Ralph Lauren Announced Restructuring Plan to Fix Current Problems


Ralph Lauren Corporation (NYSE: RL) disclosed its restructuring plan on Tuesday aimed at saving hundreds of thousands dollars, which is the first step to reduce supply chain lead times, improve multi-channel distribution model and fix other problems that influenced firm’s financial results.

In the statement, the company expected to incur restructuring charges of up to $400 million and $150 million inventory charge for the reduction of inventory out of current liquidation channels. It is also expected that the restructuring activities will cause about $180-$220 million annual savings, which is more than the $125 million annual cost savings restructuring activities in 2016.

However, the restructuring plan will also decrease sales as the company reduces goods sold to department stores and closes about 50 of its own retail locations. The company expected its first-quarter revenue to decrease at a mid-single digit rate, and full-year revenue to decline at a low-single digit rate. Due to the cost saving from restructuring plan, operating margin is expected to be about 10% this year.

“Our performance has been disappointing over the last three years, and it doesn’t match the strength of the brand.” Stefan Larsson, President and Chief Executive Officer of Ralph Lauren Corp., said in an interview. Regarding fixing problems in sales to department stores as his top priority, he also came up with other strategies included eliminating layers of management, cutting around 1000 jobs and speeding the production cycle.

The stock fell 2.39% to $94.03 at 2:42 pm EDT. Shares of Ralph Lauren have fallen 30 percent over the past year as of Monday’s close.

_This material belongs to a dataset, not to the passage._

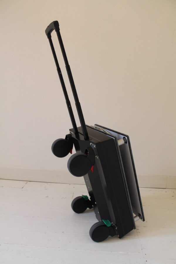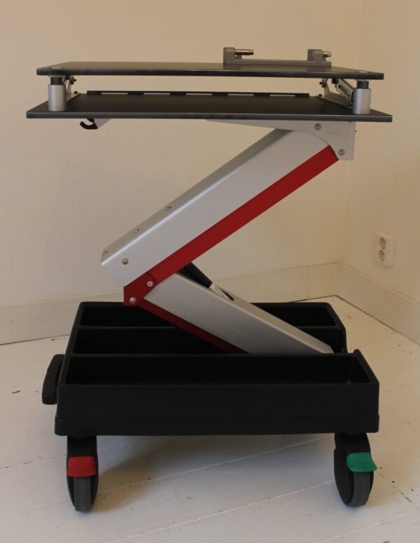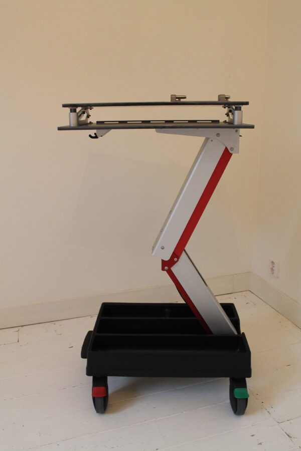Mobile foldable trolley specially designed for the 2nd generation UTC System. The height can be continuously adjusted, aided by a gas spring. Maximum height is 115 cm.

“We have a powerful, authentic brand with unique elasticity, and we will bring our Company to a stronger place than ever before by connecting our brand voice more closely to consumers and evolving our operating model. Our multi-year growth plan will lead Ralph Lauren – one of the few truly iconic brands in the industry – to profitable sales growth and long-term shareholder value creation.” Mr. Larsson said in the statement.